You know that soundtrack that runs under your life? Could be folk, rock, rap, classical or jazz. It could change. Different tunes fit different situations - John Williams can’t write them all.
Some times it’s Peter, Paul, and Mary singing “Inch by inch, row by row” sometimes it’s Eric Clapton’s guitar, but every spring it’s that descending bass line in Parliament’s “Flashlight”. Singing “Now, I lay me down to sleep. Ooh, I just can’t find a beat.”
Yesterday we went to a funeral and then had a meeting over at the cemetery. I went to bed with the day spinning over and over again. At the funeral the pianist played and sang “Ave Maria”. I’ve heard my sister sing it twice - once at Kim and my wedding and once at Elena’s funeral.
Context is everything.
It’s not just the singer or the song. It’s the setting.
I was thinking of that yesterday at Patty’s funeral. It was the first funeral Kim and I had been to since Elena’s. Just three weeks between the two. I couldn’t take my eyes off of Paul and Sue. At a wedding all of the focus is on the people being celebrated and yet at a funeral all of my attention was drawn to the family members. I don’t know if that’s the way it is. I have a hard time remembering funerals before Elena’s.
Paul spoke eloquently about his dead sister and tied it back to thoughts of his father as well. I watched admiring his ability to choose words that painted a picture of the dead as well as her relationship to those that were gathered at the funeral. Somewhere after his talk and Sue’s reading I drifted off a bit only to be shaken back into the present with the playing and singing of “Amazing Grace”.
It could be a youth spent in the company of folk singers, but I’ve always associated that song with the story of composer and his belated and slow realizations and conversion of a slave trader to a minister and abolitionist. But here in a church it was the story of a life considered.
Again, context.
I was about Elena’s age when my parents took me back stage to talk to Pete Seeger and to request that he sing “The Bullfrog Song”. A song I never thought to sing to Elena.
Surprisingly, it was not hard to keep our thoughts on Paul and his loss. This wasn’t about us. Paul, like Maggie, had just lost a sister. Kim and I spent some time downstairs with the friends and family and had some lunch.

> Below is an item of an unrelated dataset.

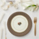 Thanksgiving paper plates decorated with a colourful turkey in the centre on an ivory background with a new shade of Latte Brown colour rim and inner trim colour.

Kim and I drove with the radio off. Our internal soundtracks enough to fill our ears.
A few hours later we were back at Lake View Cemetery to pay the balance on the graves we had purchased. Derrick has been an amazing man to work with. More so when you realize that his nineteen year old son was recently killed in a car accident. His son’s birthday approaches. I can’t imagine working with so many others who are grieving given his personal situation.
We drove over to Elena’s grave. Just behind it was the fresher dirt with the just fading flowers for the eleven year old girl and her grandparents who died in a car crash. So many people with so many losses.
Kim, her mom, Maggie, and I walked around the graves near Elena’s surrounded by context.
But yesterday was also the first day of Spring. It is finally officially Spring. Even at a funeral. Even in a cemetery. Even in Ohio.
The cemetery gave us a brochure telling us when different flowers and trees tend to bloom. We’ll be back in April for a picnic near Daffodil Hill.
Spring.
When I worked in Urban Contemporary radio at WDMT, Dean Rufus used to bring out Parliament’s “Flashlight” to celebrate Spring. Not on the first day of Spring according to the calendar - but on that first really nice day when it smells like Spring and you want to blow off work and enjoy the day. Dean would play it on the air over and over. Somehow he couldn’t repeat it enough. I’ve continued the tradition for the twenty years since I’ve left the station.
The bass line just sets me free in a way I can’t explain. I’ve got the funk cranked up way too loud. Teams stream down my cheeks as I see Elena dancing with all her heart. I join her.
“Flash light - spot light”.
Crying and yet so happy. Dancing with my baby.
“Everybody’s got a little light under the sun.”